Novelty, then, was vitality. In “Mr. Bennett and Mrs. Brown”, Woolf wrote that “triumphs once achieved seem to the next generation always a little uninteresting.” In this essay she predicted how the Georgian novel would differ from the Edwardian novel. To her the Edwardians were an uninteresting bunch for sticking to the Victorian novel, which had had tremendous novelists. However, the arrival of Russian literature in Great Britain had opened new opportunities for the novelist which were met with resistance. Their acceptance demanded rethinking, discarding, familiar concepts, and the Edwardians were reluctant to do that. “After reading Crime and Punishment and The Idiot, how could any young novelist believe in ‘character’ as the Victorians had painted them? For the undeniable vividness of so many of them is the result of their crudity. The character is rubbed into us indelibly because its features are so few and so prominent.” Her criticism was not against the Victorian novel, which she admired and which had done well with what its practitioners had known about the art of the novel. Woolf had mostly compliments to hand out to Thomas Hardy, George Eliot, William Thackeray, and the Brontë sisters. Her target were their descendants who, instead of absorbing new possibilities, went on writing Victorian novels with obstinate blindness to these new opportunities. Her complaint sounds familiar to whoever’s read John Barth’s quip in “The Literature of Exhaustion” (1968) about his contemporaries who still wrote as if Joyce and Beckett and Nabokov and Borges had never existed. A trace of it lingers also in Josipovici’s disappointment with the Best of 1958. West gave his own version when he pointed out “how little fiction has changed between 1905 and now, as if twentieth-century innovations in thought had never taken place.” The novel was still being held hostage by “those antiquarians who keep on trying to invent the nineteenth-century novel in the age of quasars.”

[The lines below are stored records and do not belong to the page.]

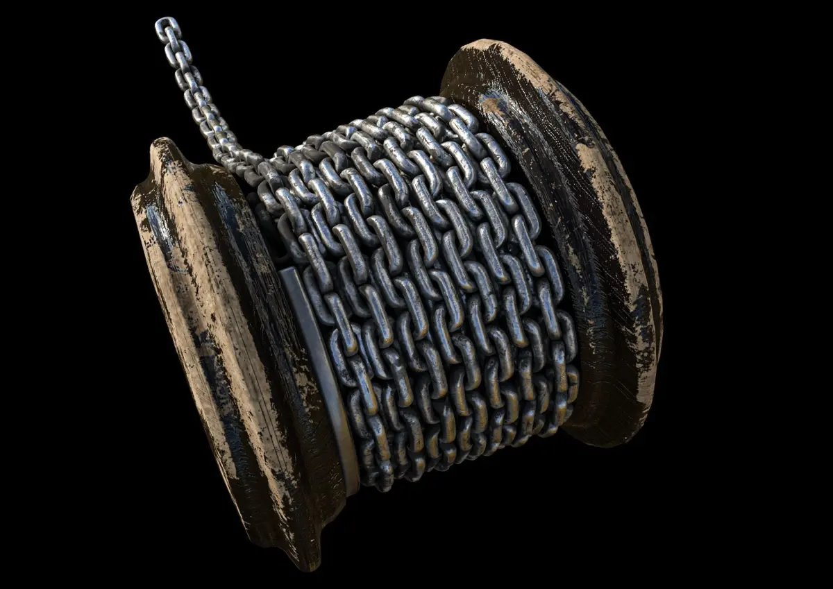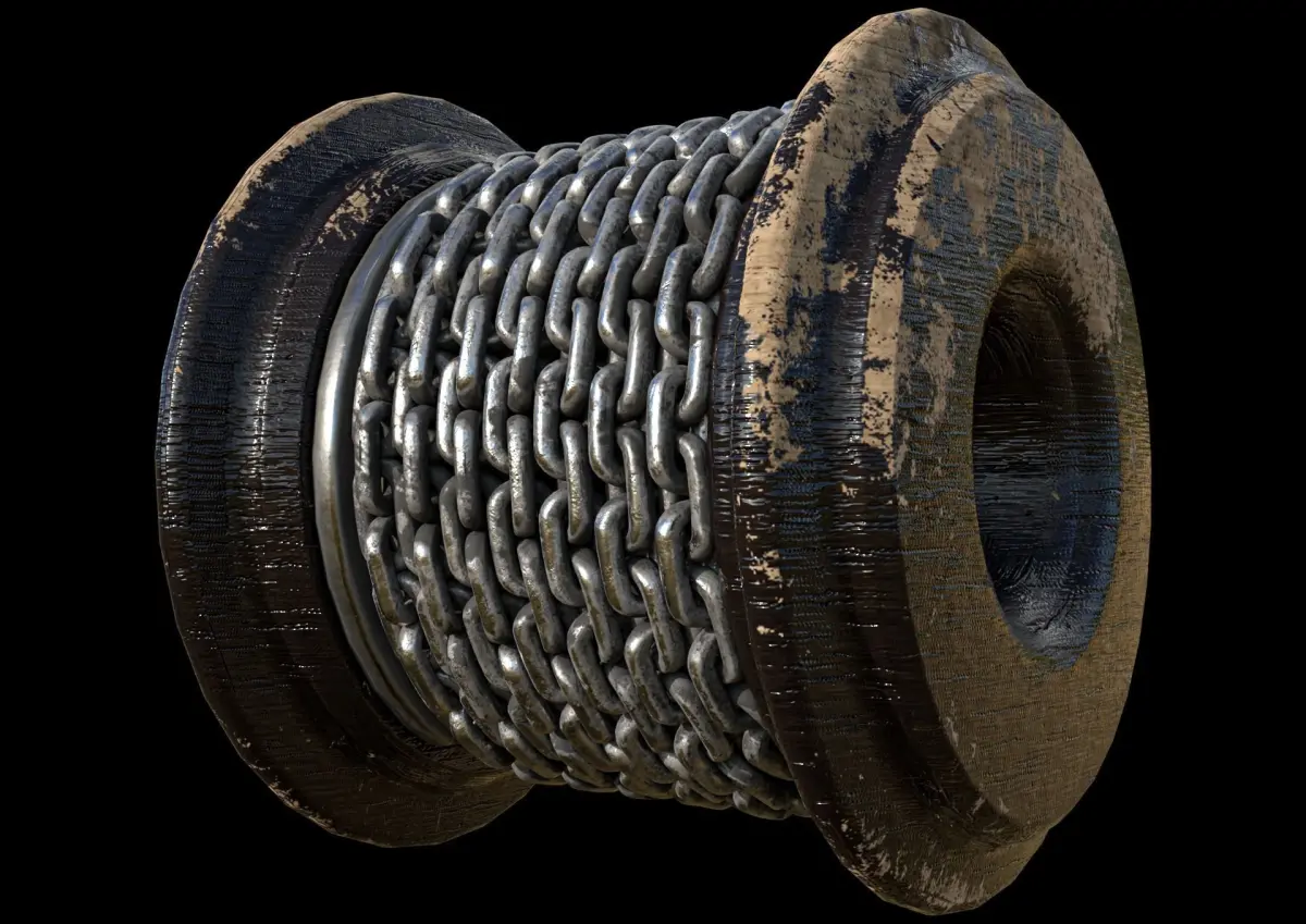 low poly chain with spool model. 2k pbr png textures are included.low and hih versions are included.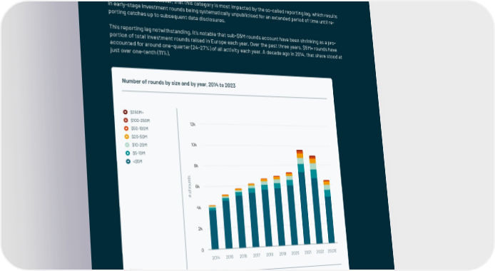 Round volumes trending back to pre-2021 levels The slowdown in investment activity is re昀氀ected in a decreased count of disclosed investment rounds. Look- ing at the investment activity across the last ten years, 2021 and 2022 are standout years, while 2023 is on track to land in line with prior years. The category of rounds involving investment amounts of $5M or less continue to represent the overwhelming majority of all activity, equating to 73% of all rounds in 2023. It should be noted, however, that this category is most impacted by the so-called reporting lag, which results in early-stage investment rounds being systematically unpublicised for an extended period of time until re- porting catches up to subsequent data disclosures. This reporting lag notwithstanding, it’s notable that sub-$5M rounds account have been shrinking as a pro- portion of total investment rounds raised in Europe each year. Over the past three years, $5M+ rounds have accounted for around one-quarter (24-27%) of all activity each year. A decade ago in 2014, that share stood at just over one-tenth (11%). Number of rounds by size and by year, 2014 to 2023 $250M+ $100-250M 12k $50-100M $20-50M $10-20M 10k $5-10M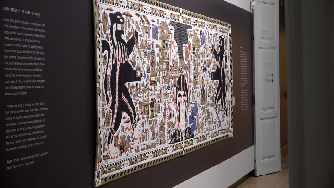 Hiermee is de studieschuld je eigen schuld geworden. De titel heeft een dubbele lading: alsof je er wat aan kunt doen, dat je precies in die periode ging studeren. Veldhuis maakte een veelbesproken wandkleed over hoe het leven van een student met schulden eruitziet, dat wordt tentoongesteld door het Dordrechts Museum. Het geweven tapijt van Veldhuis laat zich lezen als een stripverhaal. Wandtapijten zijn door de eeuwen heen vaak gemaakt om verhalen uit te beelden en actuele kwesties aan te kaarten.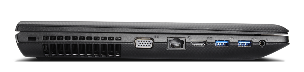 Zde najdeme postupně od kloubu displeje Kensington zámek, výdech chlazení, VGA výstup, Ethernet, HDMI, 2x USB 3.0 a kombinovaný 3,5mm jak na sluchátka s mikrofonem.
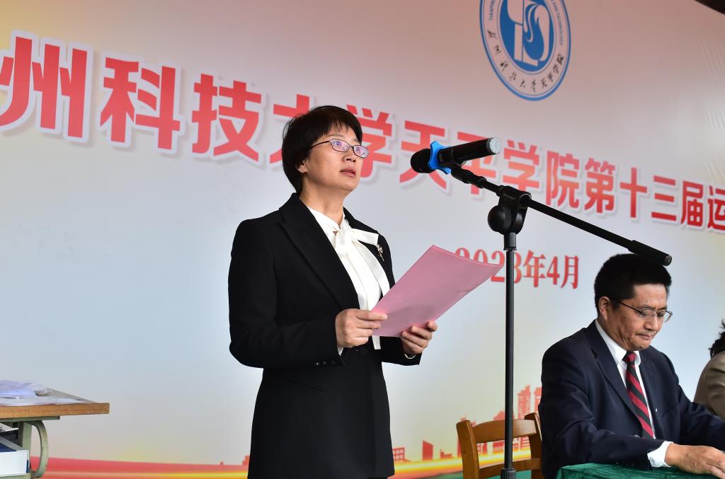 王建芳院长为本届运动会致开幕词,她充分肯定了近年来学院在院风学风、内涵建设、人才培养、科研创新等各项事业中取得的成绩,强调体育对于国家强盛、民族振兴有着重要意义,希望全体师生以本届运动会为契机,积极参加体育锻炼,形成体育运动常态化的良好氛围,把本届运动会办成安全、热烈、有特色的盛会。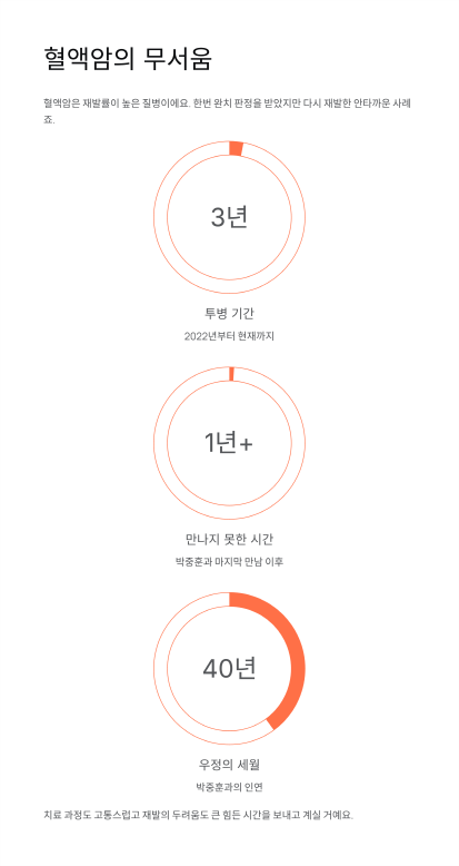 혈액암은 재발률이 높은 질병이에요. 한번 완치 판정을 받았지만 다시 재발한 거죠. 암 투병이 쉽지 않다는 걸 보여주는 안타까운 사례예요.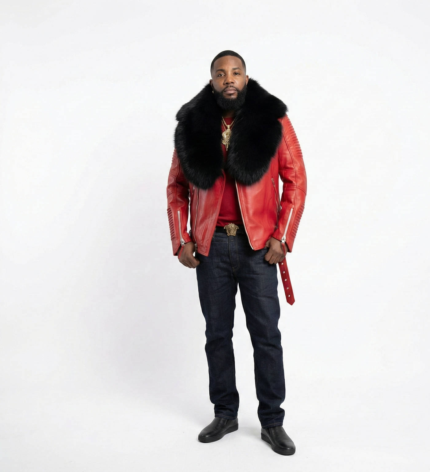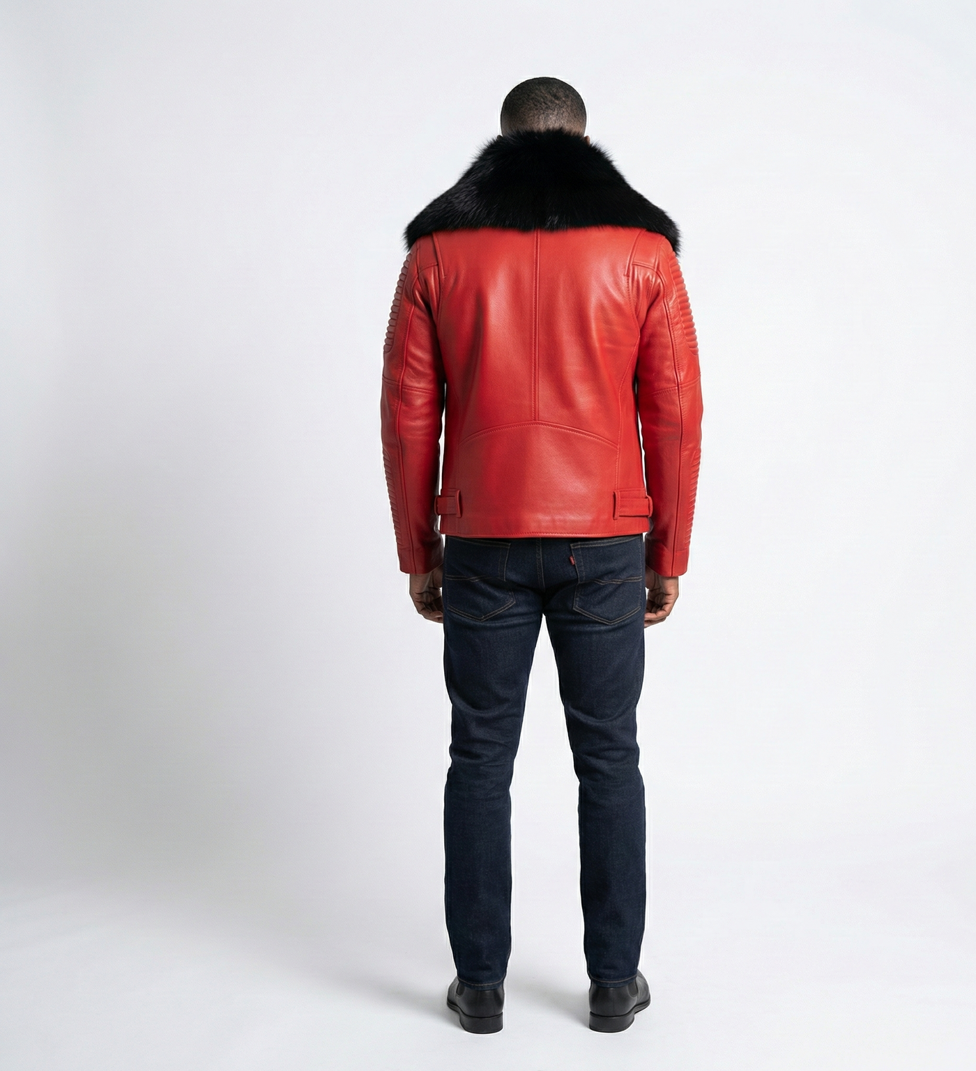 Men’s Red Leather Jacket featuring a Bold Black Fur Collar. Designed for statement-makers, this jacket blends luxury streetwear aesthetics with premium craftsmanship for a powerful, confident look.

Woolf was not satisfied with the representation of character in fiction. She believed, like her contemporaries, like E. M. Forster in Aspects of Fiction, that character was the soul of fiction and that fiction existed to reveal character; for her, the Edwardian novel made a mistake by emphasizing external description, obsessed as it was with social determinism, precluding the portrayal of character from within as was the Russians way; her goal was to find a technique to get past matter and closer to unfiltered consciousness. West didn’t consider character essential, or central; you couldn’t be a reader of Gass and Guy Davenport and believe in that anymore. His tastes included Cosmicomics and the French nouveau roman, which questioned the premise of character, emphasized objects, and imbued things with as much conscience and dignity as humans. […]

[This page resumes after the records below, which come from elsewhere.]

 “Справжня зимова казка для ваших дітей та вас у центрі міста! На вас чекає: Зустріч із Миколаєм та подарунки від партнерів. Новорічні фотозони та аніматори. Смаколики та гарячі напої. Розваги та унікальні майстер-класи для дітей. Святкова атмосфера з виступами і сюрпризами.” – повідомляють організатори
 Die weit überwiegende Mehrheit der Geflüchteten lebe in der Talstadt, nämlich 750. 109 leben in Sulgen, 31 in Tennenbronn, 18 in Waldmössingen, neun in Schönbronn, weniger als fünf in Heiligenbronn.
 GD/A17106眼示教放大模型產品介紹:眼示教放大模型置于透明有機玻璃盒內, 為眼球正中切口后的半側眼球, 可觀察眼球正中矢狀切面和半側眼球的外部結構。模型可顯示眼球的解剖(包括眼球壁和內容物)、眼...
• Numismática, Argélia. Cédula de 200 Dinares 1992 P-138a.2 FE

Woolf, in order to reach modern consciousness, had to divest herself of the Edwardian novel since it was no longer apt to represent it. In “Character in Fiction”, she chastises Arnold Bennett for his verbose descriptiveness. After quoting several large chunks of description of a landscape outside a bedroom window, in which the protagonist is effaced by these mounting details, Woolf asserts that “one line of insight would have done more than all those lines of description.” The Edwardians were materialists too focused on the body and not enough on the soul. “It is because they are concerned not with the spirit but with the body that they have disappointed us, and left us with the feeling that the sooner English fiction turns its back upon them, as politely as may be, and marches, if only into the desert, the better for its soul.” […]

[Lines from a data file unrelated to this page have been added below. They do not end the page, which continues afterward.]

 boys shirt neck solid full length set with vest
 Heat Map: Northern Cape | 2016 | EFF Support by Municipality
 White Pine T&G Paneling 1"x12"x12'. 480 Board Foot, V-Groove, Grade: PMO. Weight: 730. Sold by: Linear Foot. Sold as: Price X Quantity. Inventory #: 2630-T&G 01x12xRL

Woolf had a lucid idea of what the novel of the future would be, because she was busy inventing it. West was far vaguer: “Indeed, trying to envision the next phase or the terminus of the novel is a fictional enterprise in its own right, and the right use of the novel form over the next fifteen years may well be the fingering of the novel’s future, a whole series of prophetic demonstrations predicated on almost three centuries of its entrails, a triumph of frenzied self-appraisal done by master craftsmen.” West, in a way, was Woolf’s child. Woolf had a clearer idea of what she wanted the novel to become because she needed it to serve a very definitive, functional purpose, to solve concrete artistic and spiritual problems; West was defending novelty mainly for novelty’s sake, because he had grown up worshipping Modernists, because Modernism meant making it new, because by his time there was a feeling that Modernism had been betrayed, defeated, and nothing showed that Modernism was still alive and kicking than just trying out anything and everything. Woolf still seemed capable of working within a remodeled Victorian novel, whereas West had already witnessed the novel reach a point of extreme formlessness and thought that was terrific However, it couldn’t have reached that point without Woolf’s contributions to the novel’s deformation. […]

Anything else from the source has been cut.